FIGURE 5.4: Comparison of the total average power usage based on dimensionality.



FIGURE 5.5: Overview of the energy usage per prediction for D=2048.

Finally Figure 5.6 shows a breakdown of the energy usage per module. This time language recognition uses a sample sentence of 100 characters, as we will use this to compare it to similar DDB accelerators.



FIGURE 5.6: Breakdown of the energy usage for the improved design and D=2048.

#### 5.2.4 Comparison to SOTA

It is hard to compare this work to other state-of-the-art accelerators, as currently no other programmable SDB-HDC accelerators exist. We can best compare it to the programmable DDB-HDC accelerator from Datta et al. [5], as this work also uses a dimensionality D=2,048. However, this work uses the TSMC 28nm High-K/Metalgate (HKMG) node, which is a much smaller process than the Skywater 130nm we use.

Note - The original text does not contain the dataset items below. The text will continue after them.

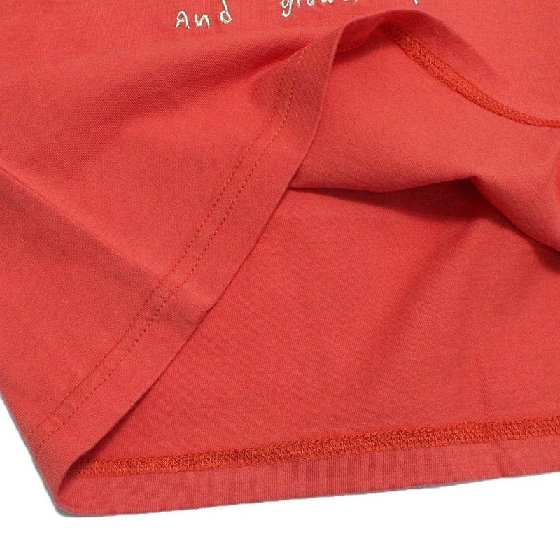 フロントにポジティブなメッセージを刺繍したTシャツ。
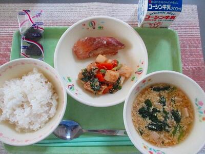 赤魚は皮が赤い魚で,今日は「アラスカメヌケ」というメバル(眼張)と同じ仲間です。身は白くてやわらかいのが特ちょうです。ドライプルーンは,成長期に必要な骨の成長を助けたり,体の調子を整えたりする栄養が入っています。苦手と思っている人も,ぜひ一口食べてみてください。
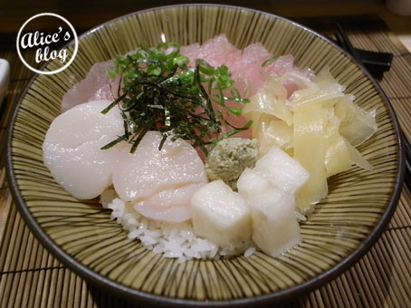旗魚干貝丼:旗魚品質很好,干貝頗大,可惜冷凍貨較不甜,及不上旗魚,但以這價位來說仍然是非常值得歐!!

A comparison of the main specifications can be seen in Table 5.2. The total estimated power here is the average power used during the language recognition test with a 100-character input sentence. Note that the smaller process node allows for a significantly smaller cell area and clock period. Further, the item memory used in this design is significantly larger, taking up 62% of its total area, while it only takes up about 6% for our design. A larger item memory makes the design more flexible but is unnecessary for most applications. [14, 10, 12, 11] Hypervectors that are unique from those in the IM can also be created by applying a unique permutation to them before bundling. The permutation that should be applied to the HV at the input value is written to the CSR together with this input. Additionally, if a larger IM would be necessary, the design can easily be scaled up as all other hardware besides the input size doesn't need to scale.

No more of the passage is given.